A novel non-viral gene vector against TNF-α
TNF-α blockade can be achieved by monoclonal antibodies (eg Infliximab) but this is associated with side effects. An alternative and safer approach is to use anti-sense oligonucleotide (ASO) which has smaller molecular size and less immunogenic effect. The main problem however is in devising a safe and effective delivery mechanism to the target cells (eg, the activated colonic macrophages that secrete TNF-α). Zuo et al used a novel nano-complex, based on galactosylated low molecular weight chitosan (gal-LMWC) and an ASO against TNF-α. A stable nano-complex (gal-LMWC/ASO) was injected into mice by intracolonic administration. The therapeutic effects of this complex were studied in two models of colitis: 2,4,6-trinitrobenzene sulfonic acid (TNBS)-induced colitis and CD4+CD45RBhi T cells transfer colitis. A single injection in TNBS colitis or repeated treatment in CD45RBhi transfer colitis both significantly ameliorated the clinical and histopathological severity of the wasting disease (see figure), reduced tissue levels of inflammatory cytokines, and abrogated body weight loss, diarrhoea and intestinal protein loss. The inhibition of TNF-α by this strategy represents a promising therapeutic approach for the treatment of CD. See page 470
gal-LMWC/ASO reduces histopathological scores in TNBS-colitis.

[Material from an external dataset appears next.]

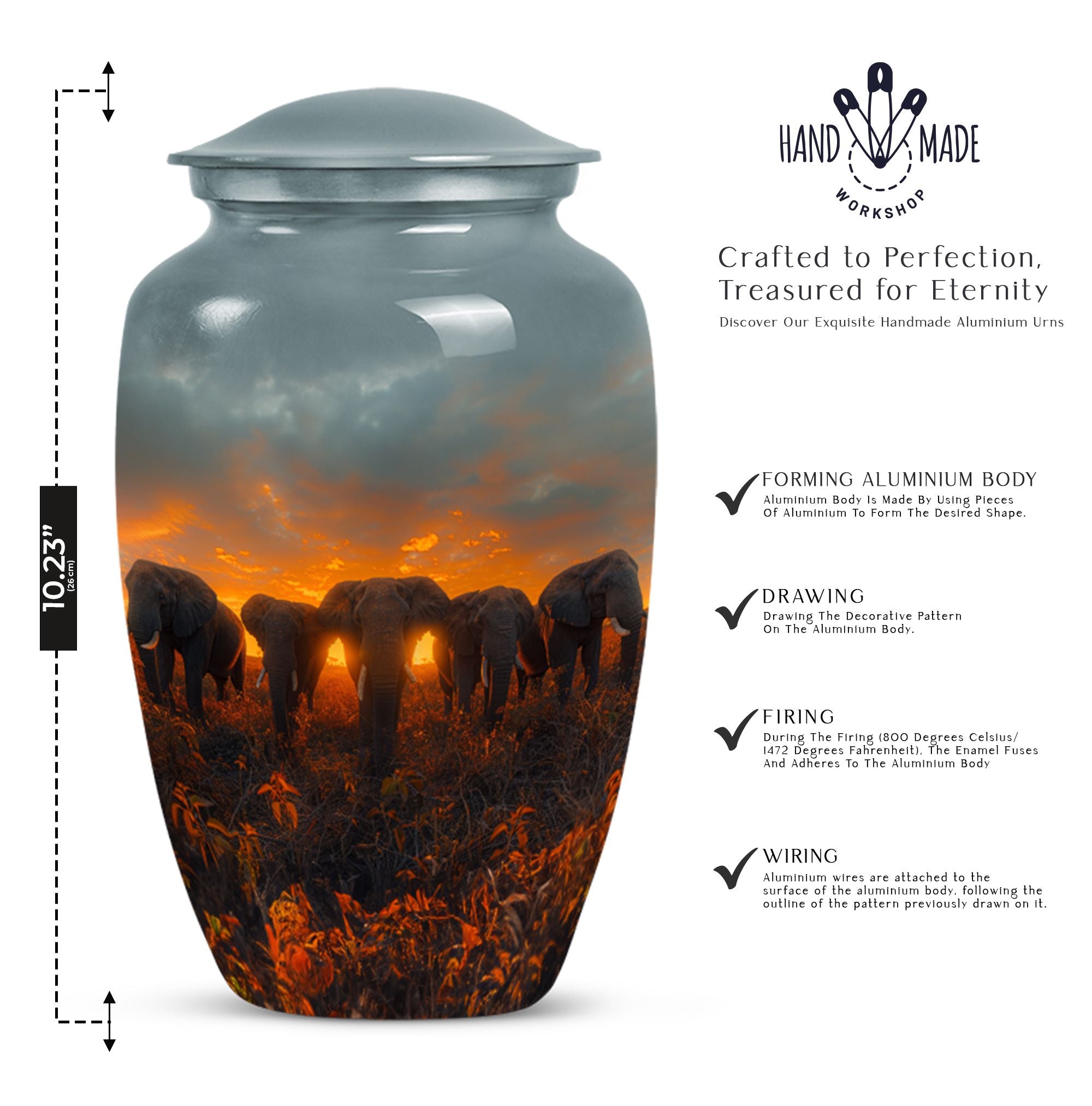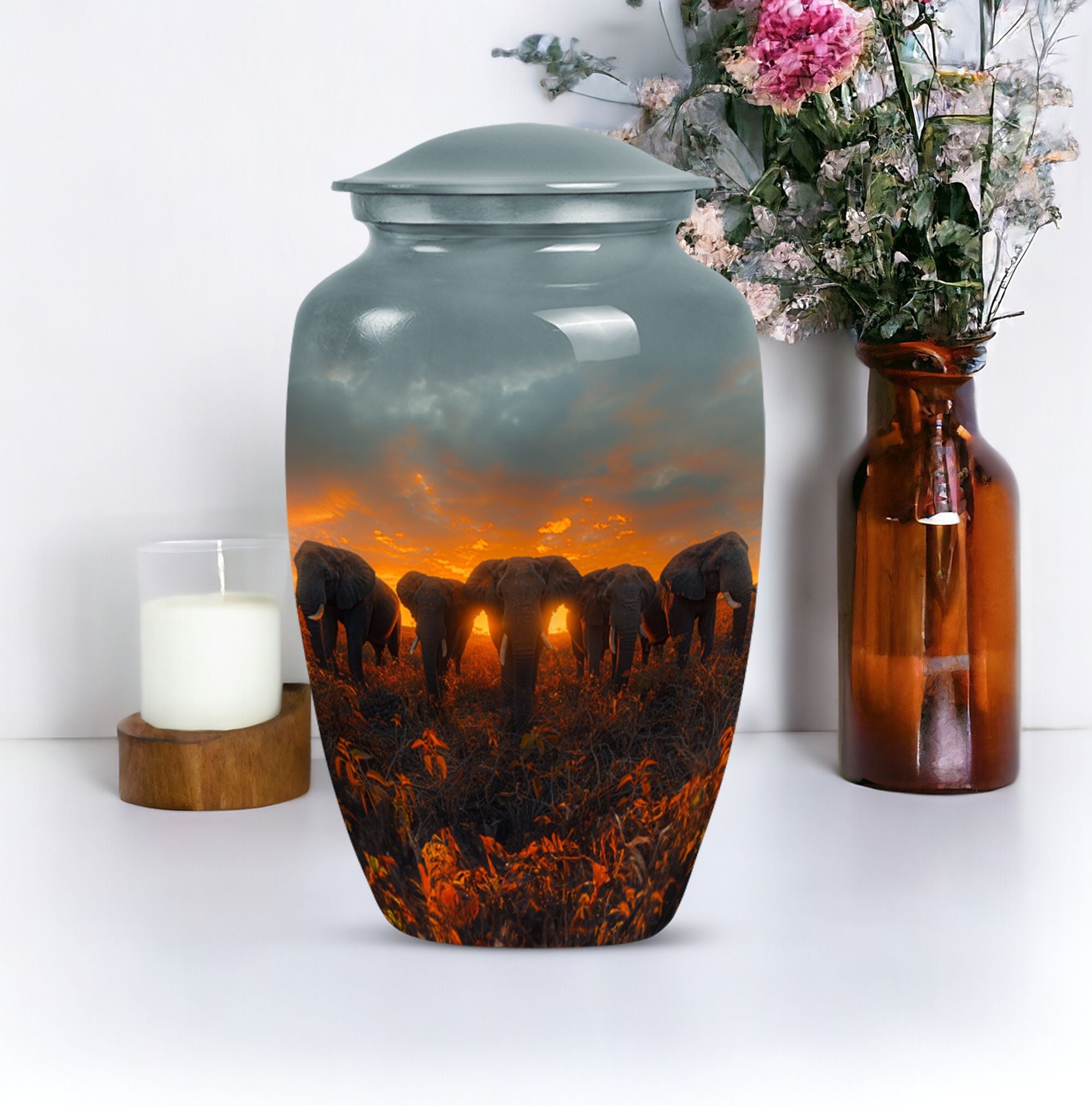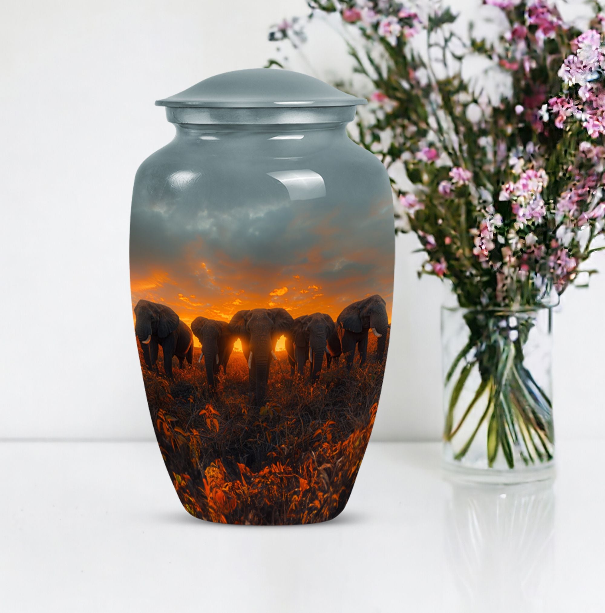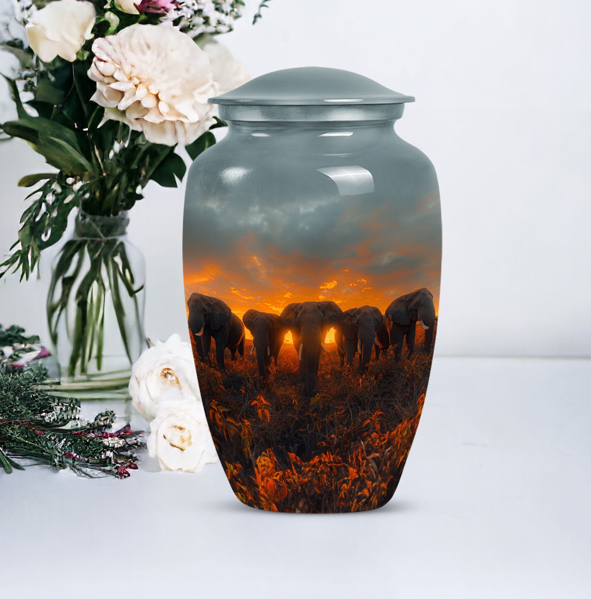 Discover the dignified beauty of our Elephant Family Urn, a notable choice among funeral cremation urns for women. This distinguished 10-inch urn showcases a delicate butterfly theme that harmoniously blends love and remembrance. Crafted from high-quality aluminium, it features dimensions of 10 inches in height and a weight of 3.3 pounds. This large urn an exceptional capacity of 200 cubic inches, ensuring it's adequately spacious to hold the treasured ashes of a loved one. We understand the solace that personalization can bring, and this urn proffers the option to personalize with engraved names, making it that much more special. The Elephant Family Urn comes with a plush velvet pouch for the respectful containment of ashes. This beautiful urn is a token of remembrance that will resonate deeply, offering a thoughtful and poignant way to commemorate those we've lost. If you're searching for 'memorial urns' or 'memorial large urns for ashes', don't look further than our classic urn, the perfect blend of tasteful aesthetics and heartfelt tribute.

Restoration of APC gene function in colorectal cancer cells with antibiotics
The majority of patients with sporadic and hereditary colorectal cancer have mutations in the gene encoding APC. Approximately 30% of these mutations are single nucleotide changes that result in premature stop codons (nonsense mutations). A potential therapeutic approach for treatment of this subset of patients is the use of aminoglycosides and macrolides that induce nonsense mutation read-through and restore levels of full-length protein. Zilberberg et al used precisely this approach and report some potentially exciting results. They first used reporter plasmids and colorectal cancer cell lines to demonstrate that several aminoglycosides and tylosin, a member of the macrolide family, induced read-through of nonsense mutations in the APC gene. Later, in xenograft experiments and in the ApcMin/+ mouse model, they show that these compounds ameliorated the tumorigenic clinical symptoms caused by nonsense mutations in the APC gene. See page 496
Tylosin treatment increases the survival of ApcMin/+.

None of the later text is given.